With the comeback of nuclear power, there is an increasing demand for transportation of radioactive materials.

Wisely, regulations have been in place to strictly control their movement. But the industry is now complaining of bottlenecks and delays.

This is compounded by the fact that, sensibly, fewer and fewer transporters want to deal with the hazardous materials.

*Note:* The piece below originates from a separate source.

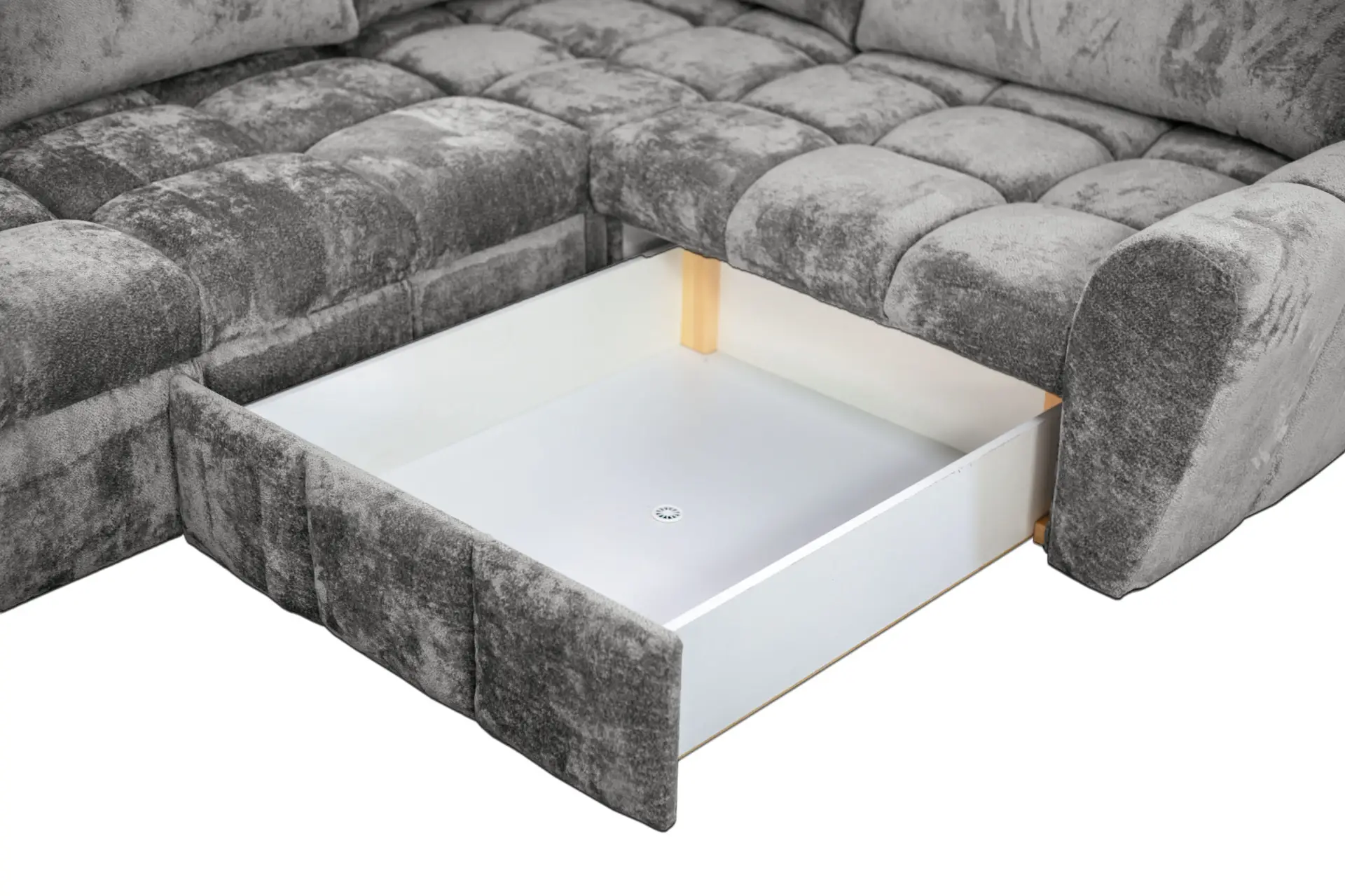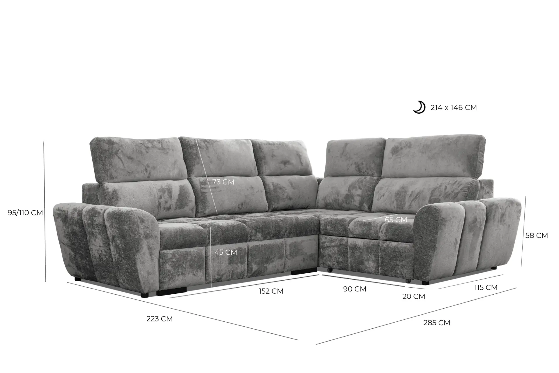 - Rozměry: 285 cm x 223 cm (celkem) / 45 cm x 95/110 cm (výška sedáku x výška opěradla)

Moeller Maersk, the world's largest container shipping line measured on vessel capacity, adopted a policy of not shipping radioactive materials in April 2007.

"It is a very complex problem," said Bernard Monot, external relations vice president at the logistics department of the world's biggest maker of nuclear reactors, Areva.

"The shippers complain about the port authorities, who in turn hold the shipping lines responsible and everybody accuses heavy regulations," he says.

So they want the rules cut.

For example in Holland, "It takes around six weeks to receive a permit," according to Pyter Hiemstra, spokesman for SenterNovem, the agency handling permits on behalf of the Dutch Department of Spatial Planning, Housing and Environment.

He said the International Atomic Energy Agency (IAEA) had asked countries to speed this up.

"What we would be looking for is for radioactive to be accepted for transit permission normally with 24 to 48 hours notice," said John Leach, General Manager for Dangerous Cargo, Special Cargo Management at Moeller Maersk.

The Low Carbon Kid argues hat the last thing we need is a relaxing of rule around the transport of radioactive materials. The world is a dangerous enough place as it is.

It is governments and local authorities and port authorities who control these rules. Write to your MP and ask them not to let these rules be relaxed.